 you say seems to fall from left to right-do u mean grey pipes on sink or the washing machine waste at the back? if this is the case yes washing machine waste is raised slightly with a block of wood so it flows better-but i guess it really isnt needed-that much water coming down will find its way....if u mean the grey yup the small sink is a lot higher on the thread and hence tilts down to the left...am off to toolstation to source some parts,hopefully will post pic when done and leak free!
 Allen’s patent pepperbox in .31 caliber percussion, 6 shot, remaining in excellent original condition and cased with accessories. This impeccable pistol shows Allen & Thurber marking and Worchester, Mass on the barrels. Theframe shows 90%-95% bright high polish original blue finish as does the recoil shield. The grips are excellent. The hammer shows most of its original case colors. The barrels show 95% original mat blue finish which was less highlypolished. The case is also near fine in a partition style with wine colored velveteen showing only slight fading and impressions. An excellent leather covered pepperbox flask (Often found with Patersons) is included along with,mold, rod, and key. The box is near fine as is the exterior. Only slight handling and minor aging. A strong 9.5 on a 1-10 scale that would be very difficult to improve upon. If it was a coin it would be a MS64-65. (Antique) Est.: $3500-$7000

==

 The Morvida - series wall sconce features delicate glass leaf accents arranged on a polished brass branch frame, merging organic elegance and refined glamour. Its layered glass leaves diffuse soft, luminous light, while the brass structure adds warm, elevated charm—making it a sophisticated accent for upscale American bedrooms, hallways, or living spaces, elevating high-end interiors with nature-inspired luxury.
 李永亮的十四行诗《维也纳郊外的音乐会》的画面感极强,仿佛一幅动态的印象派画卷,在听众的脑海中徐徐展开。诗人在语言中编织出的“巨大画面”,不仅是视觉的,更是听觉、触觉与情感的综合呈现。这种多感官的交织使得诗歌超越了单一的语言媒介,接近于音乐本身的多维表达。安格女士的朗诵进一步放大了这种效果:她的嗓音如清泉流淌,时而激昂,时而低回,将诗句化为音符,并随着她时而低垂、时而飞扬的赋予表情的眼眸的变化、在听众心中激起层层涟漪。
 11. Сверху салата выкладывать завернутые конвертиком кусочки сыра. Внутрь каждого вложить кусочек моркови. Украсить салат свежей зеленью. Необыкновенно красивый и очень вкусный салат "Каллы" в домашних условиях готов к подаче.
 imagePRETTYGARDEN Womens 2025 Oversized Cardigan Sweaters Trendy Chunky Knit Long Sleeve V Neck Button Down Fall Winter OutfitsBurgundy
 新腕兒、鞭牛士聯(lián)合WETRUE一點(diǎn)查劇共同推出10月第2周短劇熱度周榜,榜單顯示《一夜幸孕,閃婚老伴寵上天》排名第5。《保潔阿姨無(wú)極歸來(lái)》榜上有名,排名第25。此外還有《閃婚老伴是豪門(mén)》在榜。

WHAT YOU NEED TO DO: Only the lines above from the line containing "imagePRETTYGARDEN Womens 2025" through the line containing "新腕兒、鞭牛士聯(lián)" should be retyped, exactly and with both ends included.

RESPONSE AREA:
 imagePRETTYGARDEN Womens 2025 Oversized Cardigan Sweaters Trendy Chunky Knit Long Sleeve V Neck Button Down Fall Winter OutfitsBurgundy
 新腕兒、鞭牛士聯(lián)合WETRUE一點(diǎn)查劇共同推出10月第2周短劇熱度周榜,榜單顯示《一夜幸孕,閃婚老伴寵上天》排名第5。《保潔阿姨無(wú)極歸來(lái)》榜上有名,排名第25。此外還有《閃婚老伴是豪門(mén)》在榜。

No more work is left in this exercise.